History

United States
- Name: Lioness
- Operator: William L. Cockerell

= Lioness (steamship) =

The Lioness was a steamboat that exploded on the Red River of the South on the morning of May 19, 1833.

Departing from New Orleans, the ship made its way up the Mississippi River before reaching the Red River, destined for Natchitoches, Louisiana. As it neared the mouth of a tributary called Rigolet de Bon Dieu (near modern-day Colfax), three explosions rocked the ship, tearing apart the fore deck and boiler deck and scattering debris across the surrounding waters and coast. The hull almost immediately sunk; however, the hurricane deck and a portion of the lady's cabin became detached from the rest of the ship, staying afloat and saving everyone in those quarters. All of those who survived saved themselves by swimming or floating to shore on fragments of the wreck.

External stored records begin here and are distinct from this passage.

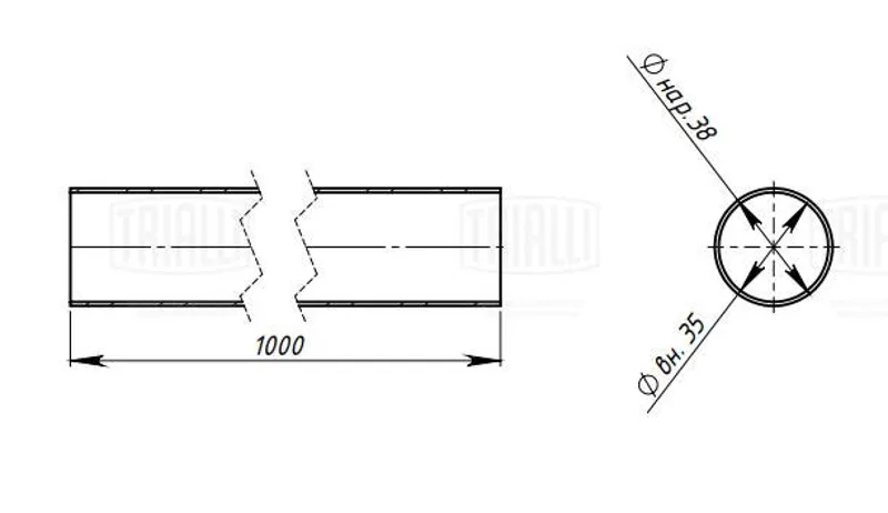 • Труба глуш. прям. 38х1000 (d=38х1.5, L=1000мм) (алюм. сталь) (EMC 0138)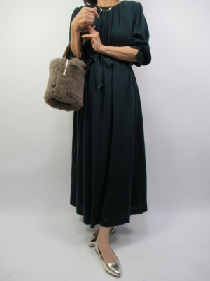 ネックラインからギャザーの分量を多めにとったシルエット。ベルトを絞めることでメリハリのあるコーデになる。袖口もカフスでふんわりさせて全体に甘さのあるワンピース!エレガンス度60%、フェミニン度40%。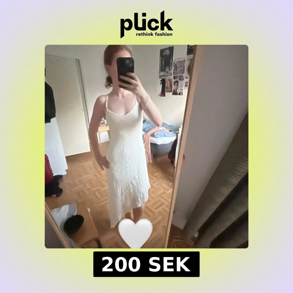 Säljer en söt vit klänning med smala axelband och v-ringning. Klänningen har spetsdetaljer och är i en lätt, luftig modell som slutar strax under knäet. Perfekt för sommarens alla tillfällen! Köpt på bikbok och är bara använd en gång!!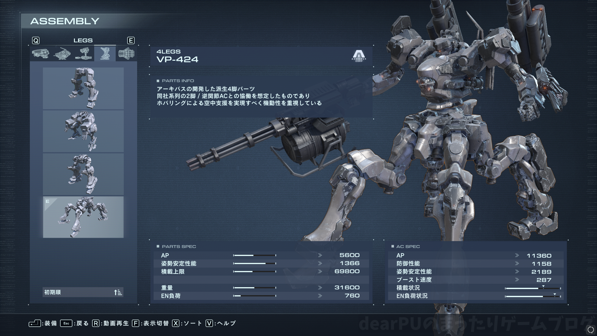 4脚パーツ「VP-424」は壁越えクリア後からショップで購入可能です。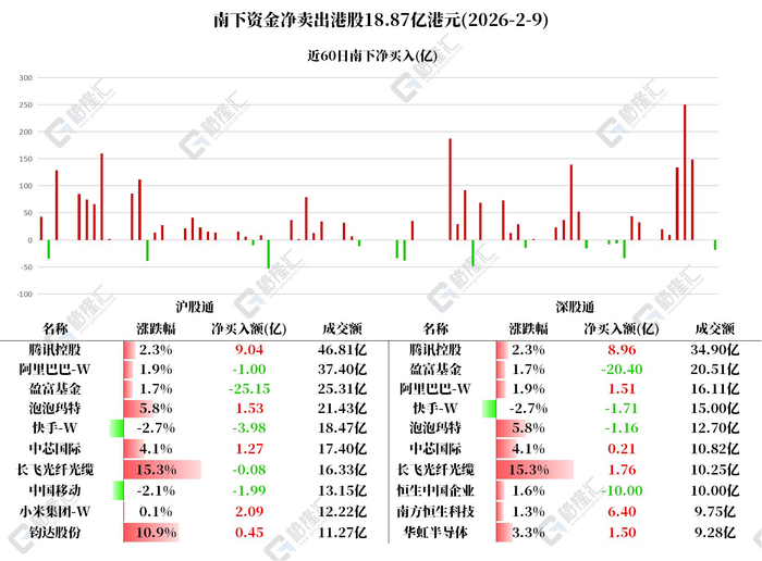 智通财经APP获悉,2月4日,腾讯控股(00700)、南方恒生科技(03033)、阿里巴巴-W(09988)南向 资金净流入金额位列市场前三,分别净流入22.40 亿、13.11 亿、11.65 亿 中芯国际(00981)、华虹半导体(01347)、昆仑能源(00135)南向资金净流出金额位列市场前三, 分别净流出-7.08 亿、-2.40 亿、-1.43 亿 | 股票名称 | 净流出比↓ | 净流出(元) | 收盘价 | | --- | --- | --- | --- | | 晶苑国际(02232) | -82.51% | -3274.86 万 | 7.350(+1.38%) | | 昆仑能源(00135) | -56.21% | -1.43 亿 | 8.110(+1.50%) | | 海螺创业(00586) | -55.95% | -4604.41 万 | 10.820(+1.50%) | | 保诚(02378) | -53.04% | -261.58 万 | 130.000(-0.31%) | | 国药控股(01099) | -52.34% | -1.10 亿 | 21.120(+0.67%) | | ...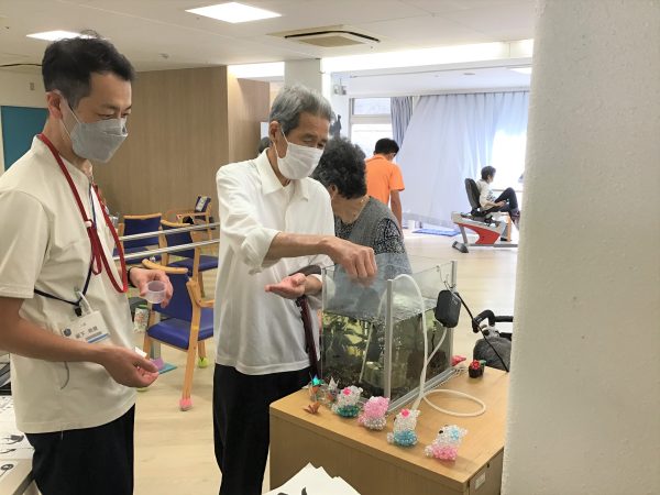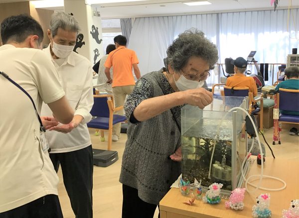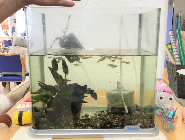 利用者さま見守られ、飼育中のメダカとグッピーがグングン成長しています。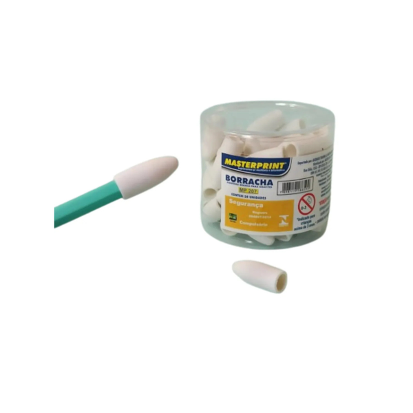 A Borracha Ponteira Branca Masterprint Unidade MP-207 e um produto ideal para quem busca precisao e eficiencia na hora de apagar. Com sua composicao de alta qualidade, ela proporciona um apagamento limpo e sem deixar residuos, sendo perfeita para uso em papel.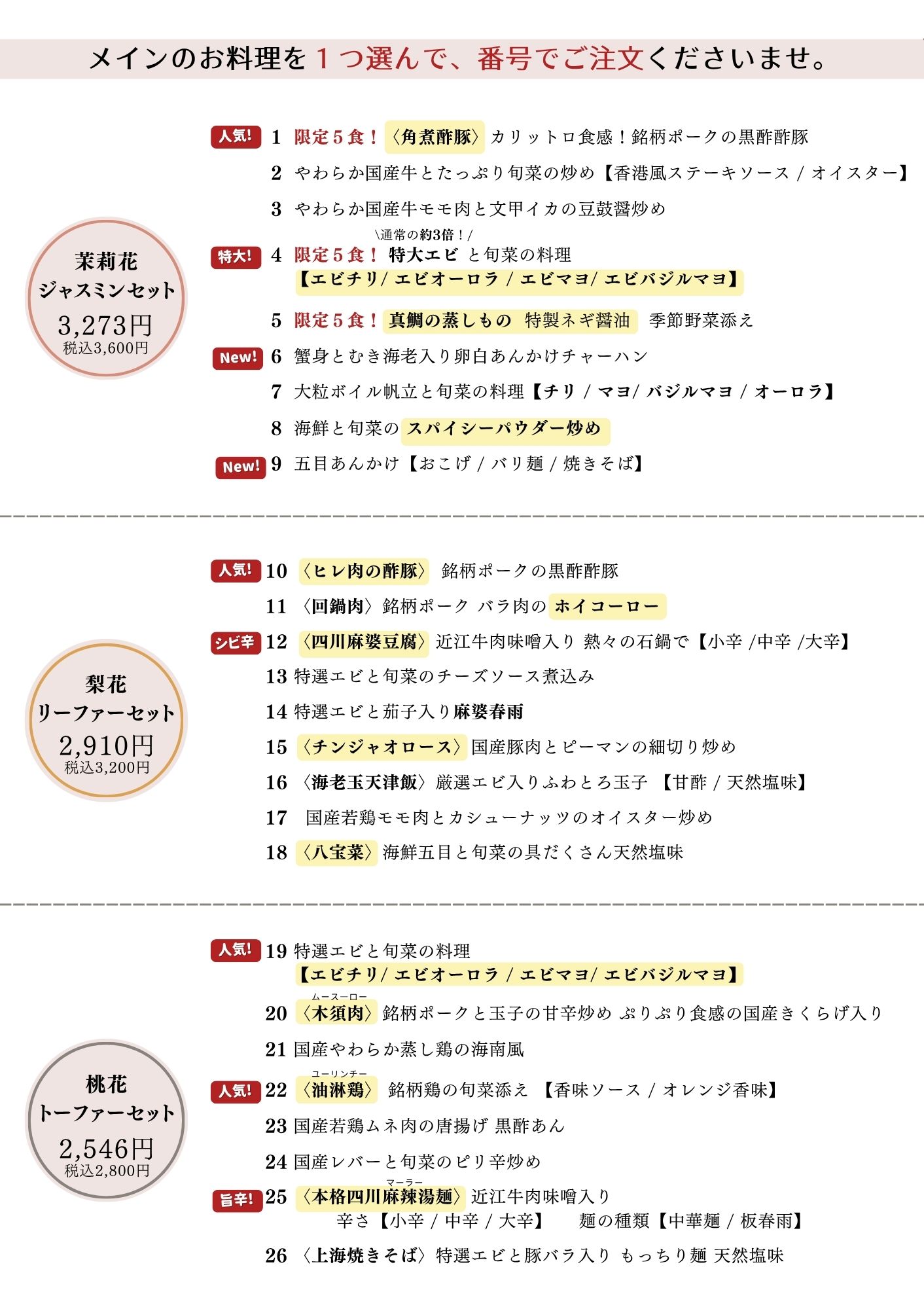 セット、コースメニュー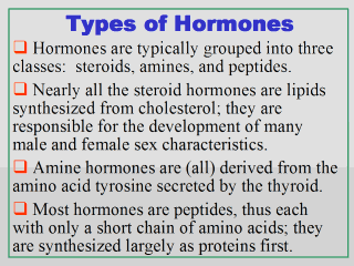 amines, and peptides. All the steroid hormones, except retinoic acid, are lipids synthesized from cholesterol through a series of biochemical reactions. 17b -Estradiol is perhaps one of the few most discussed hormones in this group, as it is the active form of estrogen responsible for the development of many female sex characteristics. Testosterone, having a structure similar to estradiol, is an androgen responsible for the development of many male characteristics. These steroids are referred to as sex hormones and are secreted by the adrenal cortex, the placenta, and mostly the gonads. Some other steroid hormones are aldosterone, corticosterone, and progesterone. Amine hormones are (almost) all derived from the amino acid tyrosine. They are secreted by the adrenal medulla but largely by the thyroid, and are typically stored as granules in the cytoplasm until needed. Epinephrine and thyroxine are the notable ones in this group. Most hormones are peptides, thus each having only a short chain of amino acids. They are secreted by several tissue organs including the pituitary, parathyroid, heart, stomach, liver, and kidneys. Many hypothalamic factors (e.g., gonadotropin- and growth hormone-releasing hormones) and pituitary hormones (e.g., growth hormone, thyroid-stimulating hormone) belong to this peptide group. Also included in this group are insulin and glucagons. These peptide hormones are synthesized largely as proteins on the ribosomes first, and then cleaved into the size of amino acids. Some of them also serve as neurotransmitters. |

The explosions were believed to be caused by a spark from a candle igniting several kegs of gunpowder while several crew members were arranging cargo in the hold of the ship. This would explain why there were three explosions, each occurring when another keg detonated. Crates of dry straw and casks of oil stowed dangerously close to the gunpowder kegs also accelerated the fire. There is not, however, an official explanation on how the powder was ignited, as everyone in the hold was killed.

At least 16 people were killed in the disaster, including United States Senator Josiah S. Johnston. Among the survivors were Congressman and future Louisiana Governor Edward Douglass White, Sr., who suffered some burns and bruises, and District Judge Henry Boyce.